TORONTO, January 17, 2012 – According to a recent survey of Canadian business decision-makers commissioned by Randstad Technologies with support from IBM Canada Limited, the IT staffing outlook for 2012, while featuring many areas of strong demand for top technology talent, is decidedly mixed. But there are some evident areas of strength for information technology professionals in search of opportunity.

Employers say they will continue to bring on IT Pros in 2012.

Since 2009, IT staffing projections have continued to increase and according to the results of the survey, this trend is expected to continue into 2012. Nearly half (41%) of the survey respondents say they plan to keep their IT staffing levels constant in the near and long-term, similar to what was reported in 2011. In addition, 49 per cent of those surveyed plan to grow their current staffing levels this year, while only 10 per cent expect to decrease.

According to Mike Winterfield, President of Randstad Technologies, contrary to much of what is being reported, Randstad is seeing active hiring within the ICT sector in Canada. “Our data shows that the ICT Sector has remained very strong throughout the course of 2011. In fact, permanent job orders and contract placements were higher in 2011 than they were in 2010, year-to-date,” he says.

“The markets that we’ve seen the most upswings in recently are the financial services and banking sector, as well as government.

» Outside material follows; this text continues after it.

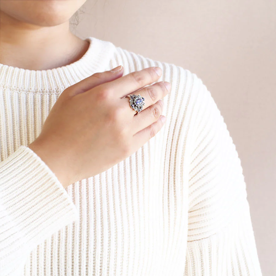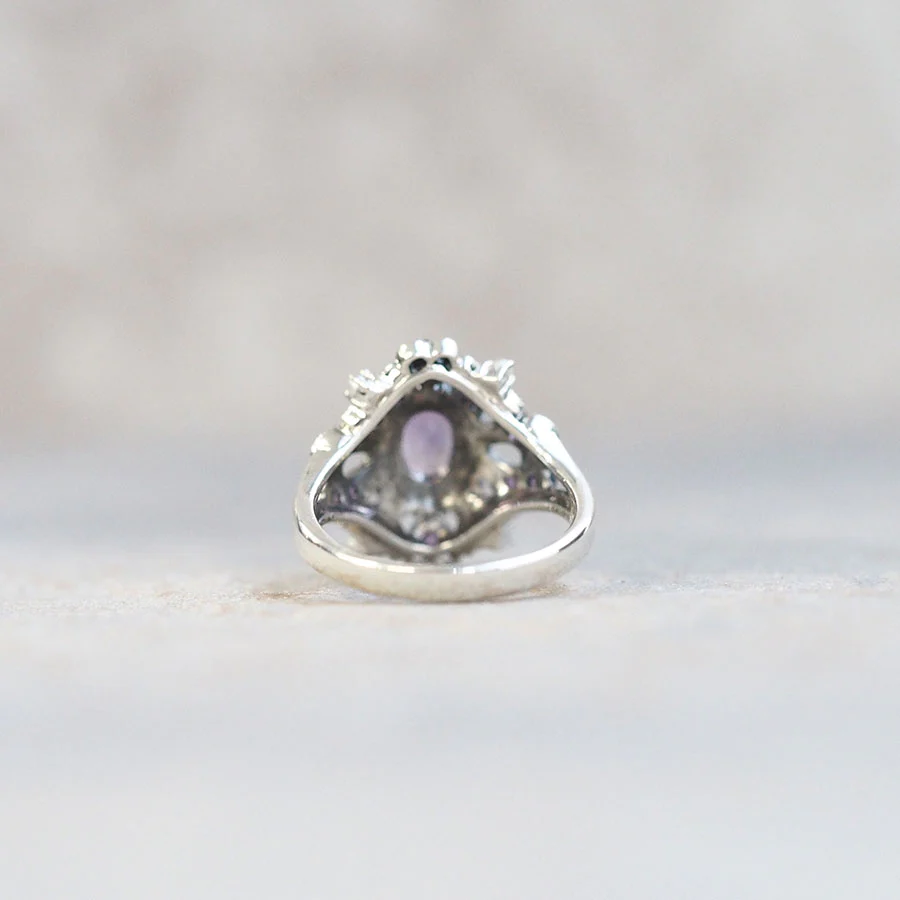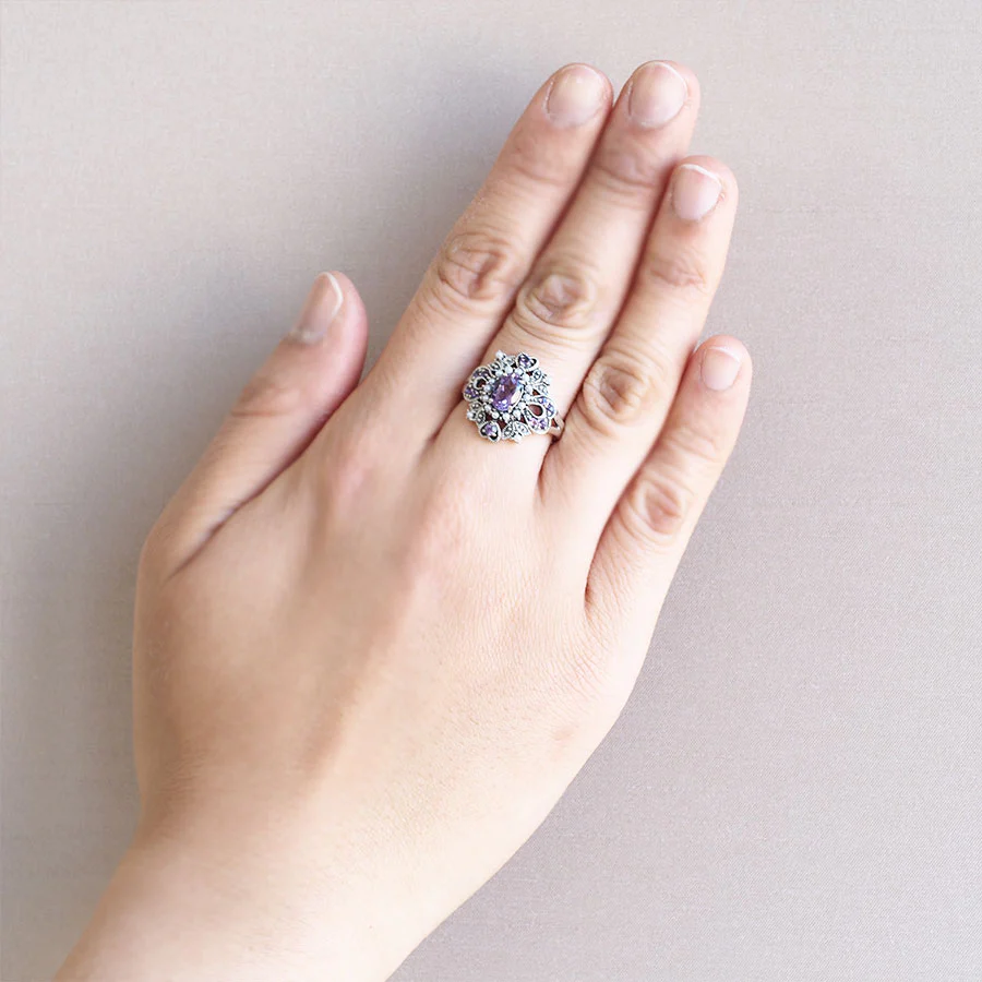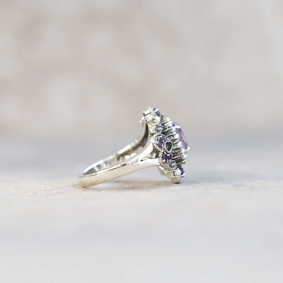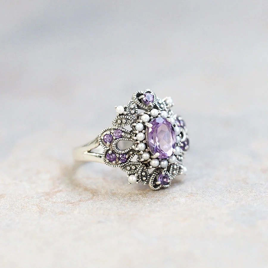 橢圓形切割嘅紫水晶周圍圍住種珍珠嘅設計,仲有細細粒嘅種珍珠小花點綴,充滿咗浪漫又可愛嘅細心心思,完全打動女性嘅心♪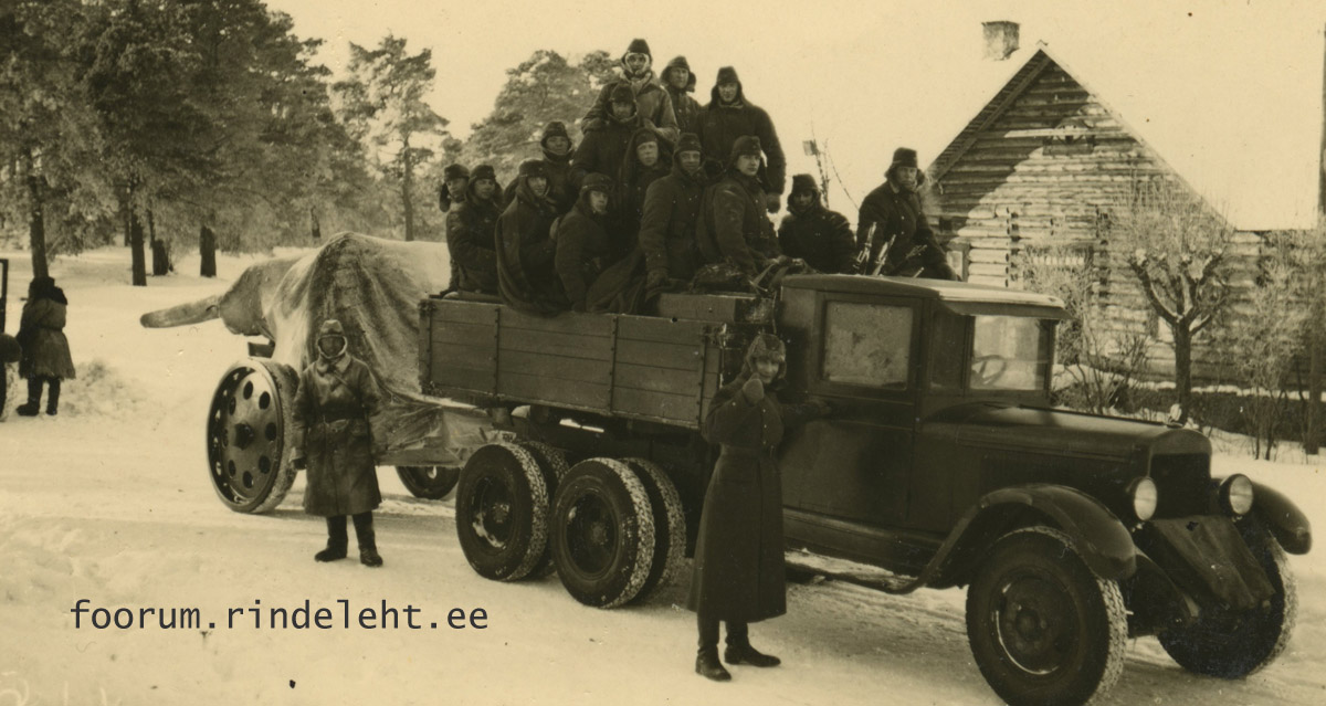 Teine pilt tehtud samuti 1940/41 talvel, veoauto taga on slepis üks nendest 76mm kahuritest ja kahuri taga paistab veel teinegi auto. Kui ma ei eksi siis kasutajal LoCo peaks olema foto sellest tagumisest autost. Selle üksiku maja järgi on kohta vist võimatu kindlaks teha?

In terms of the types of roles that are in high-demand right now, we have seen a notable increase in companies looking to hire business analysts, web developers, and different infrastructure support type roles,” says Winterfield.

The demand is driven by a number of positive developments.

CIOs and VPs that were surveyed say they will continue to plan to hire more IT staff in 2012, and hiring plans overall are in line with expectations expressed in 2010.

New applications and increased IT workloads are said to be driving job prospects for Canadian technology professionals. Upgrades and refreshes are currently ranked as the biggest drivers for increasing IT staff in 2012 (47%), followed by internal company integration (37%) and IT/Data Security (29%), Collaboration (26%) and Cloud (24%).

“Finding skilled IT people to address resource gaps is challenging, particularly as technologies converge and skills in enterprise architecture, collaboration, security and cloud technologies continue to be in demand. Companies spent considerable time in 2011 understanding the various aspects of cloud and assessing the impacts on their IT strategy,  service delivery, and skill/resourcing  gaps, but they need to be better prepared to look at creative approaches to filling those gaps, including leveraging global resources, ” said Robert Wylie, Vice President of Integrated Technology Services, IBM.

Strong need for management and business roles.

The results show that for large and small companies, Project Management and Business Analysis continue to be the talent requirements most in demand within the IT industry. Although these two skills sets have remained in demand since 2009, the overall need has decreased to 42% (its highest peak reached 50% in 2010). The continued growth in the demand for these roles reinforces the move to a more specialized workforce with skills in business and IT.

Applications development skills in high demand.

Nearly half (48%) of respondents expecting IT staff increases cite applications development as a skill they will be looking for over the next 12 months. The application development skills that will continue to attract the most attention include .Net (33 per cent) and Java™ (31 per cent). These needs are similar across all regions, with the exception of SAP which is more highly in demand in the West.

According to Winterfield, “Professional SAP skills are particularly marketable in most industrial sectors of the economy. In this case, the oil and gas industry is directly contributing to the increase in demand for SAP in the West.” 

Infrastructure implementation and support skills also in high demand. 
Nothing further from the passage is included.